Methods: Eutopic endometrial tissues were obtained from 24 patients with adenomyosis and 22 fertile controls. A tamoxifen-induced mouse adenomyosis model (n = 20) and the pseudopregnancy decidualization assay were also used. Primary human ESCs were decidualized in vitro. Experimental approaches comprised RNA interference knockdown, adenoviral overexpression, stable-isotope tracing, liquid chromatography-mass spectrometry metabolomics, and iron modulation.
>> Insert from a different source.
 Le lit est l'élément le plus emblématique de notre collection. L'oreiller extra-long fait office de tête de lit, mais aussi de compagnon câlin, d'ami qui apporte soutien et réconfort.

Decidualization was assessed by evaluating insulin-like growth factor-binding protein 1 and prolactin expression, reactive oxygen species, lipid peroxidation, and nicotinamide adenine dinucleotide phosphate (NADPH)/NADP⁺ ratio.
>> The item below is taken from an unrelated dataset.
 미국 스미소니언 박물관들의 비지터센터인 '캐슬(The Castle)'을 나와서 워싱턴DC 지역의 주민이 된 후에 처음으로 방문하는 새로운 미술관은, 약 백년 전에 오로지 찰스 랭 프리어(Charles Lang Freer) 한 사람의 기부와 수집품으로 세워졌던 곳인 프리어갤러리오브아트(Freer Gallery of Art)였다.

Results: Ferroptosis was exacerbated in ESCs from patients with adenomyosis, as evidenced by elevated lipid peroxidation and iron accumulation alongside downregulated SLC7A11 and glutathione peroxidase 4. In both clinical samples and mice with adenomyosis, this ferroptotic phenotype correlated with impaired decidualization. Decidualization upregulated SLC7A11, enhancing the glutathione-based antioxidant system. SLC7A11 expression was positively associated with established markers of endometrial receptivity. Functional studies confirmed that SLC7A11 knockdown and pharmacologic inhibition both disrupted decidualization. Mechanistically, decidualization reprogrammed glucose metabolism, augmenting the PPP and its key enzyme G6PD to generate NADPH. SLC7A11 and G6PD acted synergistically to maintain redox homeostasis by supporting glutathione synthesis. Critically, this axis protected ESCs against iron overload-induced oxidative stress, rescuing decidualization defects.

Conclusion: The SLC7A11-G6PD axis cooperatively counteracted ferroptosis during decidualization. SLC7A11-G6PD downregulation in adenomyosis resulted in oxidative damage and infertility. Pharmacological targeting of this redox axis may represent a novel therapeutic strategy for restoring endometrial receptivity in adenomyosis.

Keywords: Adenomyosis; Decidualization; Ferroptosis; G6PD; NADPH–glutathione axis; SLC7A11.